After another half day of standing around Jane's bed, Severus decided he was hardly of any use here and convinced Alison to take him to their aunt. The old woman greeted him with a hug, obviously informed by the headmaster and Alison what he had done for her niece. She hurried to seat him in front of the fire, as it was foggy outside, and served tea with biscuits. Severus barely forced himself to eat one because he remembered that Jane had made some for him at the beginning of the school year.

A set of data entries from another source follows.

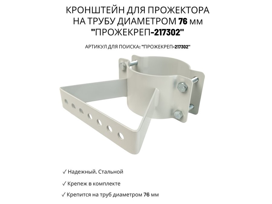 - Кронштейн усиленный предназначен для крепления светодиодных прожекторов на трубе диаметром 76 мм.На трубу крепится с помощью болтов с гайками.
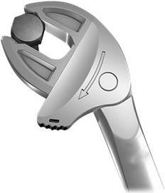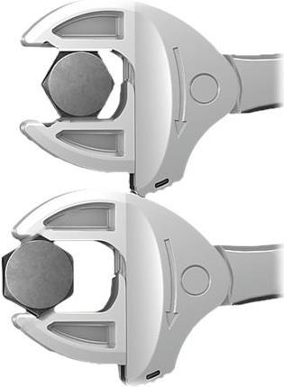 Der integrierte Hebelmechanismus klemmt die Sechskant-Schraube bzw. Mutter zwischen den Backen sicher ein, was die Gefahr des Abrutschens und der Beschädigungen deutlich verringert.
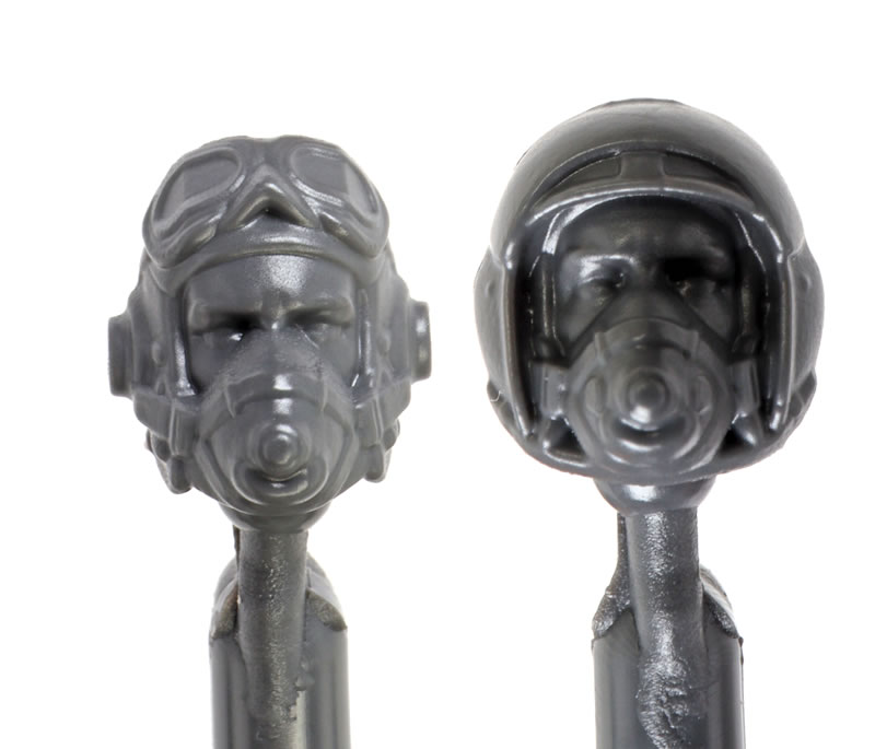 We drill down to a deeper level of options with two heads being offered for the pilot – always better than one! One wears a hard helmet while the other is equipped with a WWII-style leather flying helmet, oxygen mask and goggles. The sculpting of the heads is really well done.

Since they had been silent for too long, Alison called out, 'Aunt Charlotte, Professor Snape wants to ask you about the family history and some particulars regarding Jane's condition.'

'I think that's the key to her recovery,' he added. 'So please tell me everything you know about the family.'

'You won't find most things interesting,' Aunt Charlotte hesitated. 'But I'll tell you anyway. Our lineage was started by a witch named Amanda Undead six generations before me. She had a husband and two daughters, but her husband died – he drowned in the river. An accident. It isn't known what happened to one daughter, but the other was my great-great-great-grandmother. From there follows a long story in which many baby girls were born with the Undead surname. A large part of them survived, but few produced offspring. Nevertheless, something always happened to their men – whether it was dragon pox or some unfortunate accident, the Undead women were left without a husband very early. So if you're looking for something in our genealogy to help you, look for it in the female line. Men are irrelevant in this case. I don't know my father, and neither does Susan. We weren't even sure he was the same. My mother kept quiet about it. I'm afraid that's all I can offer you.'

'My father died on an expedition,' Alison said in support of her aunt's words.

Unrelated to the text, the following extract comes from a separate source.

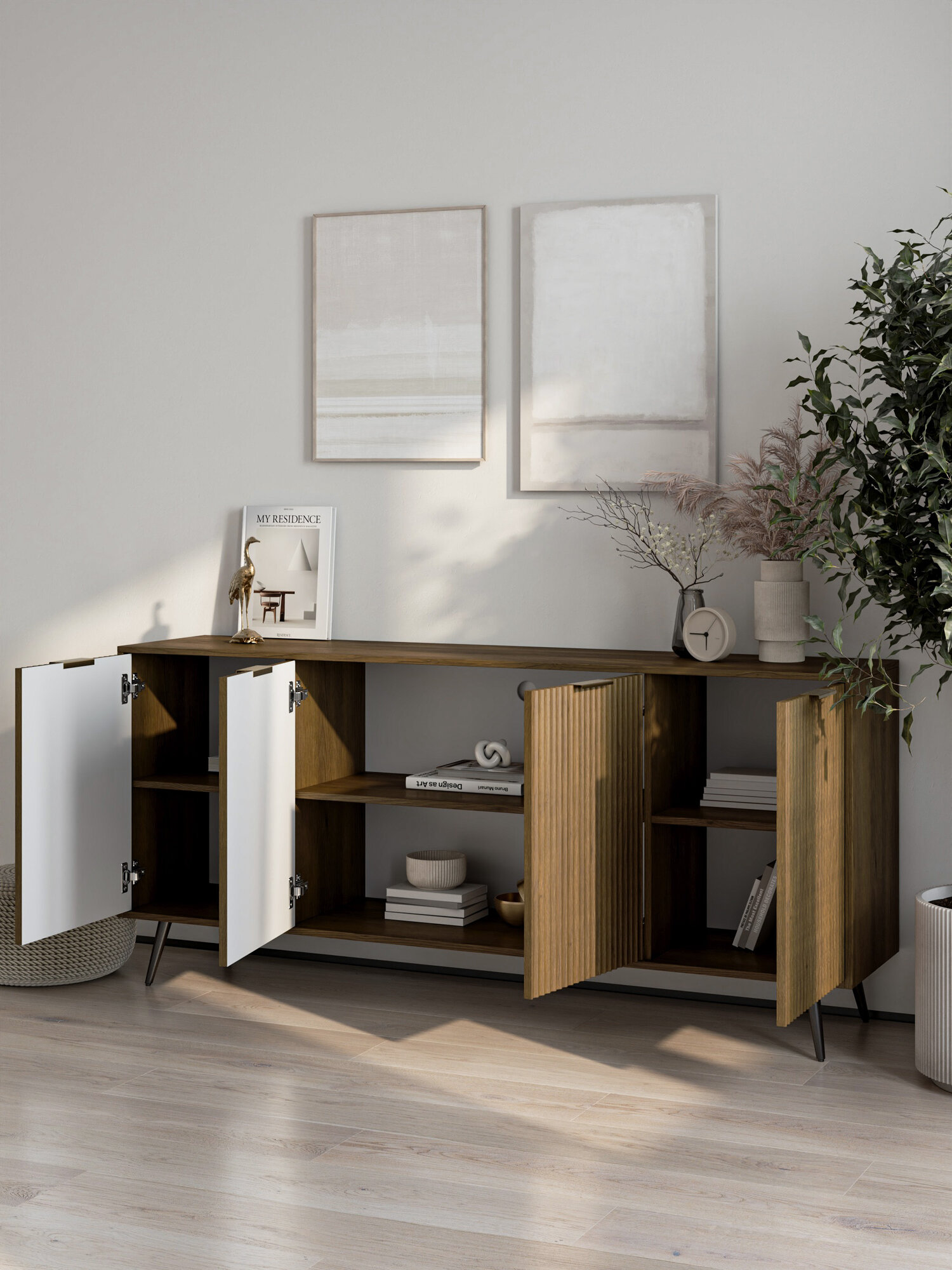 Элегантная тумба под телевизор - комод. BORDO Raenyra станет прекрасным дополнением вашего интерьера. С размерами 190 см в ширину, 40 см в глубину и 80 см в высоту, она идеально подходит для размещения телевизоров и другого оборудования. Выполненная в стильном белом цвете, эта напольная тумба под ТВ добавит свежести и современности в ваш дом.

'And where did your ancestors live?' he asked.

'Oh, everywhere,' the aunt answered. 'We lived with my mother in Darbyshire and my grandmother – in Sussex. It seems that each new generation, in its desire to separate itself from the previous one, went to live in another county.'

Severus also questioned her about her special abilities, but he didn't glean more than Jane had told him. He stayed another half hour out of politeness and left for London, saying he was going to the London Library.